Is it possible to “decompose” a single 2D 1024x1024 C2C FFT in a batch of 1D FFTs?

Or, do you have any other suggestion? I know, ideally one should perform more computation on the transformed data before moving them off the GPU, but I can’t do that.



No, this won’t speed up a single FFT. It might actually make it slower than calling CUFFT directly.

1024x1024 isn’t that big as far as the GPU is concerned, so you might be better on the CPU if you can’t move any other computation to the GPU.
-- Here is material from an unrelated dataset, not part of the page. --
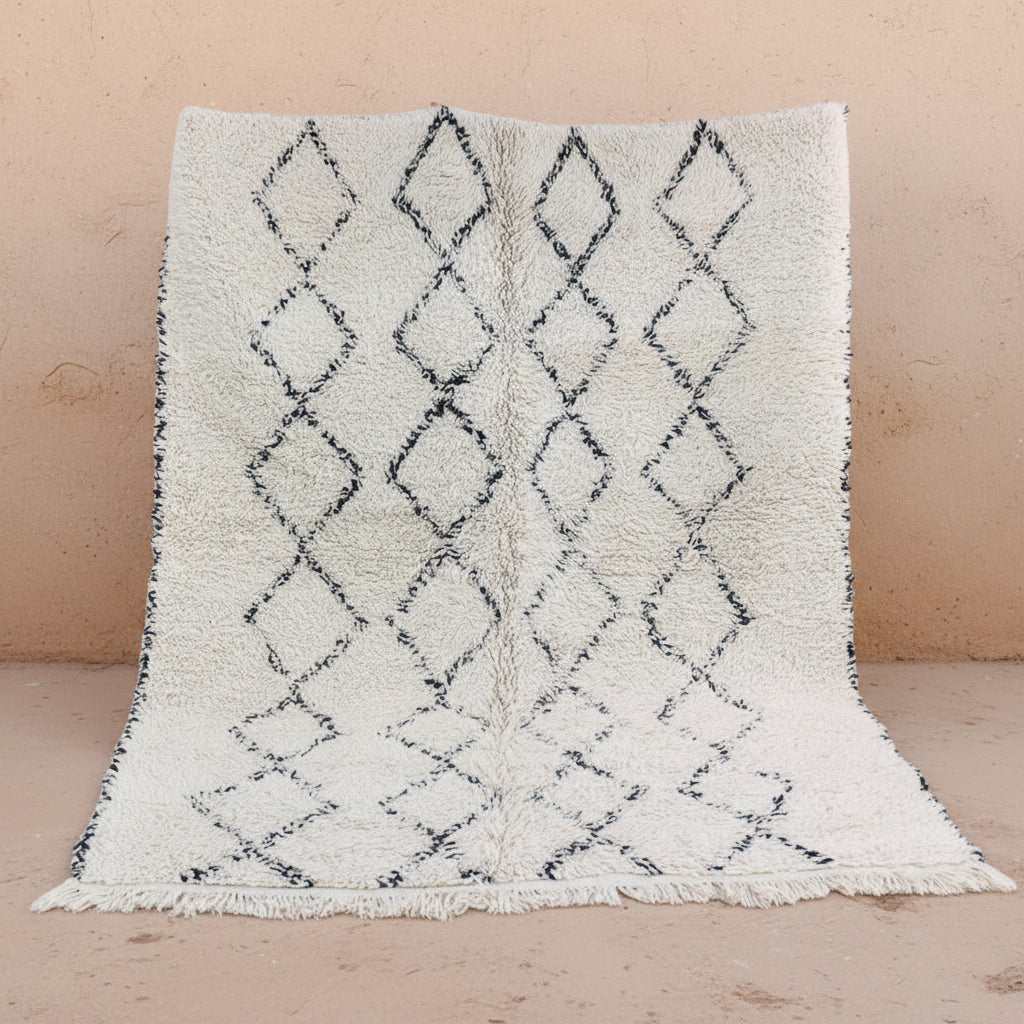 Herstellung: Unsere Beni Ourain Berber Teppiche werden traditionell, innerhalb der Berberfamilien von Hand gefertigt. In der traditionellen Herstellung wird noch weiche Schurwolle von Hochland-und Weideschafen verwendet. Hier entstehen einzigartige Unikate auf die ganz ursprüngliche Art. Da jeder Teppich einzeln gefertigt wird, kann es im Muster minimale Unterschiede geben.

Are you aware of any speedup from CUDAFFT 1.1 to 2.0?


Quick question:
In my C program I am looping a 2D FFT 3096 times. What’s the procedure to do the equivalent operation in CUDA? If I understand correctly, Jim tried it and it was slower. So the need for a 2D batch FFT? Can someone please explain?? Also if it’s a 2D batch FFT, does that mean I need to compute 2D FFT over an array of 4096(FFT_size) x 3096 (no. of loops)??

I found a looped 2D FFT was indeed faster on the GPU than CPU, but I wrote this batched implementation to speed it up even more.

Are you running a 2D FFT on 3096 different arrays? Or are you running 3096 FFTs on one array? Batching only applies to the former case.


I have a (64x64) 4096 point 2D FFT. In C, the 2D FFT is looped 3096 times, because in every loop, the input is different. When I implement a CUDA version, I am able to compute the FFT only once. I am not sure whether I should loop it or do a batch FFT. At the same time, I am not able to do a loop as well as I am not sure how to change the inputs to the 2DFFT call.

If you can set up and fill in all 3096 input arrays contiguously in gpu memory, you can use a batched FFT. I’m not sure what you mean by only being able to compute the FFT once and not knowing how to change the inputs to the 2D FFT call. Can you be more clear or provide some code?


ok. Let me explain a bit more. My kernel computes 3096 positions.

Each position is responsible for a 64x64 array that undergoes FFT, multiplication, inv FFT.

I would like to run the FFT calls either in a loop or batch mode. Which is beneficial in terms of speed ?

Also You mentioned that you did a FFT call in a loop. How did you do it ?? A code example ??